Work instructions.
Transcribe each entry. Change nothing.

Data extracted from a collection:
--
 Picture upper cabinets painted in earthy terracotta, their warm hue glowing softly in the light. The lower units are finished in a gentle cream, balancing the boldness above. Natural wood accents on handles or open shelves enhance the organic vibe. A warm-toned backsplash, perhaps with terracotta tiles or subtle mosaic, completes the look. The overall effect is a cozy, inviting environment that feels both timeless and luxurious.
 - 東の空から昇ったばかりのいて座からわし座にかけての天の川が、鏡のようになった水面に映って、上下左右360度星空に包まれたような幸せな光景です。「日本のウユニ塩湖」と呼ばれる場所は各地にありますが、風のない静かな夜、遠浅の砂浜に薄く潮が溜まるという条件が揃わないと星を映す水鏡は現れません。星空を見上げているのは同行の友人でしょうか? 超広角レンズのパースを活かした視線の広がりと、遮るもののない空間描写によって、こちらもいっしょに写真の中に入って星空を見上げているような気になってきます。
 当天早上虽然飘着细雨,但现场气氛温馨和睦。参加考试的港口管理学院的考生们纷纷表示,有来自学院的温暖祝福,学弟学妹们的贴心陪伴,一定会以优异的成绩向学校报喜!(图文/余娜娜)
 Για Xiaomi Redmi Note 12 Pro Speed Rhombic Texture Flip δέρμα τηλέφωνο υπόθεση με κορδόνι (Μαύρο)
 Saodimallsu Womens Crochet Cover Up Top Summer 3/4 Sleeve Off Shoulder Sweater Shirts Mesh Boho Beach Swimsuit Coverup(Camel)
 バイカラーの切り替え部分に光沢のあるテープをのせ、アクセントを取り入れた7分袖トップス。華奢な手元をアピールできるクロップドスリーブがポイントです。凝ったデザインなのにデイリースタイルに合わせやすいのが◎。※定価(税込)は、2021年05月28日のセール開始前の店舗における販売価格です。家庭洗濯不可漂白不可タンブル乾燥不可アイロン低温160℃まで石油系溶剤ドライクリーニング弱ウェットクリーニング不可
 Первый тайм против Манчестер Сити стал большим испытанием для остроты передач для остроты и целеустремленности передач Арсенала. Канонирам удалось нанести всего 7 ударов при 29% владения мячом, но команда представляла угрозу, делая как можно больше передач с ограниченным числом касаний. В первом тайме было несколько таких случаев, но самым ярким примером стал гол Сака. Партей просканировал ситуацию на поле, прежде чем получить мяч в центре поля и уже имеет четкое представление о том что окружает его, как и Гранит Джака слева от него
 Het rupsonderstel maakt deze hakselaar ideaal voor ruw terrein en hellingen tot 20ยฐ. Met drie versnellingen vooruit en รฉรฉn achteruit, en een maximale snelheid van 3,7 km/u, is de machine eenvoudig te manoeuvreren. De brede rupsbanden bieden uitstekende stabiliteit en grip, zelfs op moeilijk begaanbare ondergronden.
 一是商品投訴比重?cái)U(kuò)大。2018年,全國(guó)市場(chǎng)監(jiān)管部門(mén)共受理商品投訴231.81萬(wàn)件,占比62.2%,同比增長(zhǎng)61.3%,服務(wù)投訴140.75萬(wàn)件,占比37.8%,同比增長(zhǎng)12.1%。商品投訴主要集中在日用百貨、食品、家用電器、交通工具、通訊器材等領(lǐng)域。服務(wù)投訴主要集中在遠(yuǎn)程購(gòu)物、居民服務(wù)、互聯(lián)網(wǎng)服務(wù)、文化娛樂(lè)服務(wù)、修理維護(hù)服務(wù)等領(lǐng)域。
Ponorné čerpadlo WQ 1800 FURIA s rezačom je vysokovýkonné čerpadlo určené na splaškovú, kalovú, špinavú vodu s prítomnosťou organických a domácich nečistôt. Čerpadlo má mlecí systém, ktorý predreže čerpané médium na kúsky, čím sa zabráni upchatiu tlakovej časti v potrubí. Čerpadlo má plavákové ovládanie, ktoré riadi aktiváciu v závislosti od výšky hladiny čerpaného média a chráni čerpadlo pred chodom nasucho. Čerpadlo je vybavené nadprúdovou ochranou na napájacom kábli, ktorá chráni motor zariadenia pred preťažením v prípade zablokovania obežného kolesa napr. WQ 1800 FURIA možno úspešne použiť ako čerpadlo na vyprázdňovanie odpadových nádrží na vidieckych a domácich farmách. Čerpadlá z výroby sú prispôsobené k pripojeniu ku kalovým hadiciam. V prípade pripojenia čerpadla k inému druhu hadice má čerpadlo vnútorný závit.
--
The answer.
 Picture upper cabinets painted in earthy terracotta, their warm hue glowing softly in the light. The lower units are finished in a gentle cream, balancing the boldness above. Natural wood accents on handles or open shelves enhance the organic vibe. A warm-toned backsplash, perhaps with terracotta tiles or subtle mosaic, completes the look. The overall effect is a cozy, inviting environment that feels both timeless and luxurious.
 - 東の空から昇ったばかりのいて座からわし座にかけての天の川が、鏡のようになった水面に映って、上下左右360度星空に包まれたような幸せな光景です。「日本のウユニ塩湖」と呼ばれる場所は各地にありますが、風のない静かな夜、遠浅の砂浜に薄く潮が溜まるという条件が揃わないと星を映す水鏡は現れません。星空を見上げているのは同行の友人でしょうか? 超広角レンズのパースを活かした視線の広がりと、遮るもののない空間描写によって、こちらもいっしょに写真の中に入って星空を見上げているような気になってきます。
 当天早上虽然飘着细雨,但现场气氛温馨和睦。参加考试的港口管理学院的考生们纷纷表示,有来自学院的温暖祝福,学弟学妹们的贴心陪伴,一定会以优异的成绩向学校报喜!(图文/余娜娜)
 Για Xiaomi Redmi Note 12 Pro Speed Rhombic Texture Flip δέρμα τηλέφωνο υπόθεση με κορδόνι (Μαύρο)
 Saodimallsu Womens Crochet Cover Up Top Summer 3/4 Sleeve Off Shoulder Sweater Shirts Mesh Boho Beach Swimsuit Coverup(Camel)
 バイカラーの切り替え部分に光沢のあるテープをのせ、アクセントを取り入れた7分袖トップス。華奢な手元をアピールできるクロップドスリーブがポイントです。凝ったデザインなのにデイリースタイルに合わせやすいのが◎。※定価(税込)は、2021年05月28日のセール開始前の店舗における販売価格です。家庭洗濯不可漂白不可タンブル乾燥不可アイロン低温160℃まで石油系溶剤ドライクリーニング弱ウェットクリーニング不可
 Первый тайм против Манчестер Сити стал большим испытанием для остроты передач для остроты и целеустремленности передач Арсенала. Канонирам удалось нанести всего 7 ударов при 29% владения мячом, но команда представляла угрозу, делая как можно больше передач с ограниченным числом касаний. В первом тайме было несколько таких случаев, но самым ярким примером стал гол Сака. Партей просканировал ситуацию на поле, прежде чем получить мяч в центре поля и уже имеет четкое представление о том что окружает его, как и Гранит Джака слева от него
 Het rupsonderstel maakt deze hakselaar ideaal voor ruw terrein en hellingen tot 20ยฐ. Met drie versnellingen vooruit en รฉรฉn achteruit, en een maximale snelheid van 3,7 km/u, is de machine eenvoudig te manoeuvreren. De brede rupsbanden bieden uitstekende stabiliteit en grip, zelfs op moeilijk begaanbare ondergronden.
 一是商品投訴比重?cái)U(kuò)大。2018年,全國(guó)市場(chǎng)監(jiān)管部門(mén)共受理商品投訴231.81萬(wàn)件,占比62.2%,同比增長(zhǎng)61.3%,服務(wù)投訴140.75萬(wàn)件,占比37.8%,同比增長(zhǎng)12.1%。商品投訴主要集中在日用百貨、食品、家用電器、交通工具、通訊器材等領(lǐng)域。服務(wù)投訴主要集中在遠(yuǎn)程購(gòu)物、居民服務(wù)、互聯(lián)網(wǎng)服務(wù)、文化娛樂(lè)服務(wù)、修理維護(hù)服務(wù)等領(lǐng)域。
Ponorné čerpadlo WQ 1800 FURIA s rezačom je vysokovýkonné čerpadlo určené na splaškovú, kalovú, špinavú vodu s prítomnosťou organických a domácich nečistôt. Čerpadlo má mlecí systém, ktorý predreže čerpané médium na kúsky, čím sa zabráni upchatiu tlakovej časti v potrubí. Čerpadlo má plavákové ovládanie, ktoré riadi aktiváciu v závislosti od výšky hladiny čerpaného média a chráni čerpadlo pred chodom nasucho. Čerpadlo je vybavené nadprúdovou ochranou na napájacom kábli, ktorá chráni motor zariadenia pred preťažením v prípade zablokovania obežného kolesa napr. WQ 1800 FURIA možno úspešne použiť ako čerpadlo na vyprázdňovanie odpadových nádrží na vidieckych a domácich farmách. Čerpadlá z výroby sú prispôsobené k pripojeniu ku kalovým hadiciam. V prípade pripojenia čerpadla k inému druhu hadice má čerpadlo vnútorný závit.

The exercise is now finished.